Figure 1 displays the reliability block diagram (RBD) to describe the reliability-wise configuration of the system. In addition, the transmitter and receiver are made up of three subassemblies each, while the relay stations have two subassemblies each (all in series). Specifically: 

  • Subassembly SPS1 (solar power supply) is common to all. 

  • The transmitter has two additional subassemblies: TRC1 and TRC2. 

  • The receiver has two additional subassemblies: RCR1 and RCR2. 

  • Each relay station has one additional subassembly: RLYC1.

Figure 1: RBD for remote telecommunications system

Figure 1: RBD for remote telecommunications system

These subassemblies are defined in BlockSim as subdiagrams to the master diagram (i.e., separate diagrams linked to blocks in the main diagram). The subdiagrams are presented in Figure 2. In addition, Table 1 presents the failure distributions and parameters that have been estimated from data collected for each subassembly.

Figure 2: Subdiagrams for the three types of components

Figure 2: Subdiagrams for the three types of components

 

Table 1: Distribution and Parameters to Describe the Failure Properties of Each Subassembly (in hours)

Table 1: Distribution and Parameters to Describe the Failure Properties of Each Subassembly (in hours)

Basic Reliability Analysis
Once the analysts have modeled the reliability-wise configuration of the system and defined the reliability characteristics of the components, they can use BlockSim to calculate the reliability function for the system and answer questions of interest regarding the reliability of the system. For example, they can use the Analytical QCP to determine that the reliability of the system after 1000 hours of operation is 97.67%. 

In addition, the analysts can generate a Reliability Importance vs. Time plot and use it to determine whether different relays have different impacts on the reliability of the system when they fail, based on their position in the configuration. As shown in Figure 3, the position of the relays within the diagram does matter, even though they are reliability-wise identical.
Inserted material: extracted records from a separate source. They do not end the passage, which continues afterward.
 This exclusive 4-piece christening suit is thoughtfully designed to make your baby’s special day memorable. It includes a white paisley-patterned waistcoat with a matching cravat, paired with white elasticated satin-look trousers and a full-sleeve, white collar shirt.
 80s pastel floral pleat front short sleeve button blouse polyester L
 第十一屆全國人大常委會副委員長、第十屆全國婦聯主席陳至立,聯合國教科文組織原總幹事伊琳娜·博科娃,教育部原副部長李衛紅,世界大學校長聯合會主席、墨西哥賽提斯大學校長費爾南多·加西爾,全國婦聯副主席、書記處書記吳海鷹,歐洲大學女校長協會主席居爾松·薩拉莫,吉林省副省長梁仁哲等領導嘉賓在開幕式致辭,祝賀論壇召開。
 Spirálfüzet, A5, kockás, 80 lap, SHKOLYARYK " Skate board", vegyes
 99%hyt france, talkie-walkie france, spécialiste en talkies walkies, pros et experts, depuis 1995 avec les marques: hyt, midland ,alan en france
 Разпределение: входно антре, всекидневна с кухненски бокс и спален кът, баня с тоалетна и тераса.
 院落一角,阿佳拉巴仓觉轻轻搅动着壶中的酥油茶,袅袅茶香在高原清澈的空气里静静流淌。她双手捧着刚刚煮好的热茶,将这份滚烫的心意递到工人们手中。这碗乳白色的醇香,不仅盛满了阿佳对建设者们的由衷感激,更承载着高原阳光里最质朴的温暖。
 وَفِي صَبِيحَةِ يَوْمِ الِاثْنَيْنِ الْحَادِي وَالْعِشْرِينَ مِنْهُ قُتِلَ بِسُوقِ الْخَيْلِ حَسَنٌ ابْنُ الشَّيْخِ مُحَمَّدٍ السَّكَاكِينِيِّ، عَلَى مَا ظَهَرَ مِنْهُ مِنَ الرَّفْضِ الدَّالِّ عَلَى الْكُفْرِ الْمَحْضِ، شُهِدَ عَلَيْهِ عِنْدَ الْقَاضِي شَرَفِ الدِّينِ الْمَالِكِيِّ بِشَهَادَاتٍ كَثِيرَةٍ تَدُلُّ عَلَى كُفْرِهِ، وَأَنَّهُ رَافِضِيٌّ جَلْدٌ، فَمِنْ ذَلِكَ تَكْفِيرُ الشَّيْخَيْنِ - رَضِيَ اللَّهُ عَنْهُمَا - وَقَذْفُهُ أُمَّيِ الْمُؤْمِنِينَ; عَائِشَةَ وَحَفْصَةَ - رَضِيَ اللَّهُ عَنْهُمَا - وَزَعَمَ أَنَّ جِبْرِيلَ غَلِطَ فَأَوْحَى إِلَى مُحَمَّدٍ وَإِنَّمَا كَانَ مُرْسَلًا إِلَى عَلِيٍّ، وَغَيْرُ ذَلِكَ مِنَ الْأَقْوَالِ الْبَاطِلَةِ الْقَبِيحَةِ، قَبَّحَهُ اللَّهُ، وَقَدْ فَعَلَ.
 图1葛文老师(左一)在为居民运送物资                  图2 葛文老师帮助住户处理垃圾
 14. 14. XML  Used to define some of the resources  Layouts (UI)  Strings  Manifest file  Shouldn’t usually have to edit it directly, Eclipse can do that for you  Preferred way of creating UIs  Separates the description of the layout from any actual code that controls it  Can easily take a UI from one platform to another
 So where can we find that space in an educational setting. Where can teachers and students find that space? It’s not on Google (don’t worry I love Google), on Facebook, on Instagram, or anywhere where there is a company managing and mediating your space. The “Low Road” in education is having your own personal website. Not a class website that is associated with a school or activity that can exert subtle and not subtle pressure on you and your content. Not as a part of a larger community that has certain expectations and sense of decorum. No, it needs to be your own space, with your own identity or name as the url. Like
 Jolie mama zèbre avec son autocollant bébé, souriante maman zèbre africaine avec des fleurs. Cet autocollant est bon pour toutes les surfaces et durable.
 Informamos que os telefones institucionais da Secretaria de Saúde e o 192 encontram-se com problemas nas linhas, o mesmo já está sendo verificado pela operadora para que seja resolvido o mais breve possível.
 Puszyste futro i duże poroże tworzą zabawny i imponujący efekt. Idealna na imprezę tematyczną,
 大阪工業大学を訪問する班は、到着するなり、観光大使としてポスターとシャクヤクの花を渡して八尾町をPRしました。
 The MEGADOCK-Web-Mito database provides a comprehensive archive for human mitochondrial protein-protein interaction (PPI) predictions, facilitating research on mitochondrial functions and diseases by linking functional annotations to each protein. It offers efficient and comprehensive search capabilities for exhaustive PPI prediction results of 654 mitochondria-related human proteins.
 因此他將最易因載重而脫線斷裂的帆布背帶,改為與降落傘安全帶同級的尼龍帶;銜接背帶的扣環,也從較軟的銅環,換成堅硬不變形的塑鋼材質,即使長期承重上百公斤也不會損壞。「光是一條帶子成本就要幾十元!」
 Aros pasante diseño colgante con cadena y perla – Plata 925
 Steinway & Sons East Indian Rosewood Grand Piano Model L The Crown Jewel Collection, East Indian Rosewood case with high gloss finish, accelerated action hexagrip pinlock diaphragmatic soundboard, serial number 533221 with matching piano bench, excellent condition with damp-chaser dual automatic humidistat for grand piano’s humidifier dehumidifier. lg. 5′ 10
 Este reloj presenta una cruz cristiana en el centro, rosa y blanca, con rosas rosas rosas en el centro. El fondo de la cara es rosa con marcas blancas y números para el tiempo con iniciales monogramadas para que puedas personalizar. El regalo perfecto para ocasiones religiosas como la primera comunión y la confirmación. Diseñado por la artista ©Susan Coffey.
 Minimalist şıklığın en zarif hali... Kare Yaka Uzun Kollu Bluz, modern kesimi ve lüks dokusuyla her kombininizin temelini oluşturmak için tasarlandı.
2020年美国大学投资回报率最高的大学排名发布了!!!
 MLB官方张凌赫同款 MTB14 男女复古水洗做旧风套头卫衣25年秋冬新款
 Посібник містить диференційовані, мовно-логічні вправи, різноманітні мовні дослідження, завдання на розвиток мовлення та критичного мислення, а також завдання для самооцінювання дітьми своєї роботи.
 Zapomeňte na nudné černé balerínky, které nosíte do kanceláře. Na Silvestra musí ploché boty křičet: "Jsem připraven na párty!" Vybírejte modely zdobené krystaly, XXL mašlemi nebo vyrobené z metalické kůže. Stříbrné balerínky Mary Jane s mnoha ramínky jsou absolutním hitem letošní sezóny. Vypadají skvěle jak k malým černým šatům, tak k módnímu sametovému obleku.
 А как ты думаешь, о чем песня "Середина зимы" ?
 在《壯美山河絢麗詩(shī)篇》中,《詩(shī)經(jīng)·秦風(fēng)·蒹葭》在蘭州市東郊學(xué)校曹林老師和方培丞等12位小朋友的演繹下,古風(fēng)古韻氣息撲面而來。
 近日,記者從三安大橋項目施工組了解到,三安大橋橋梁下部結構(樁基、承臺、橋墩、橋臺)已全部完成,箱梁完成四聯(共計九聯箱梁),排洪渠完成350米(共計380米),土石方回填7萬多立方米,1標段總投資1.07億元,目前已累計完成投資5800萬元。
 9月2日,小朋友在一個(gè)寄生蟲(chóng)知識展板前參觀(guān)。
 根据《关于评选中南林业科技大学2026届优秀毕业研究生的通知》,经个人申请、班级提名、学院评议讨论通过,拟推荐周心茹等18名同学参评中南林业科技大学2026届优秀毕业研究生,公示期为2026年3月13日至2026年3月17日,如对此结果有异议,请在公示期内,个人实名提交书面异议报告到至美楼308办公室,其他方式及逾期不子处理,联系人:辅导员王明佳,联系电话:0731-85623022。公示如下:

The failure of relay 1 or 5 has the greatest impact on the reliability of the system. Relays 3 and 4 have the second greatest impact and relays 1 and 6 have the smallest impact on system reliability. 

Figure 3: Reliability Importance vs. Time plot to compare the impact of the relays on the system reliability

Figure 3: Reliability Importance vs. Time plot to compare the impact of the relays on the system reliability

Basic Maintainability and Availability Analysis
By expanding the analysis to include information on the maintenance plan for the system, the analysts can make important estimates regarding the maintainability and availability of the system. In this example, all of the components described in Table 1 are line replaceable units that can be 100% restored by replacing the failed component with a new one. To simplify the example, we will assume that each repair begins immediately upon the failure of a unit, that there are unlimited maintenance crews and spare parts to perform the maintenance and that no logistical delays exist. In addition, the components do not continue to operate (i.e. accumulate age) when the system is down. Table 2 presents the repair distributions and parameters that have been estimated from data collected for each subassembly. Note that the maintenance plan described here consists of corrective maintenance (CM) only and does not include preventive maintenance (PM) or inspections.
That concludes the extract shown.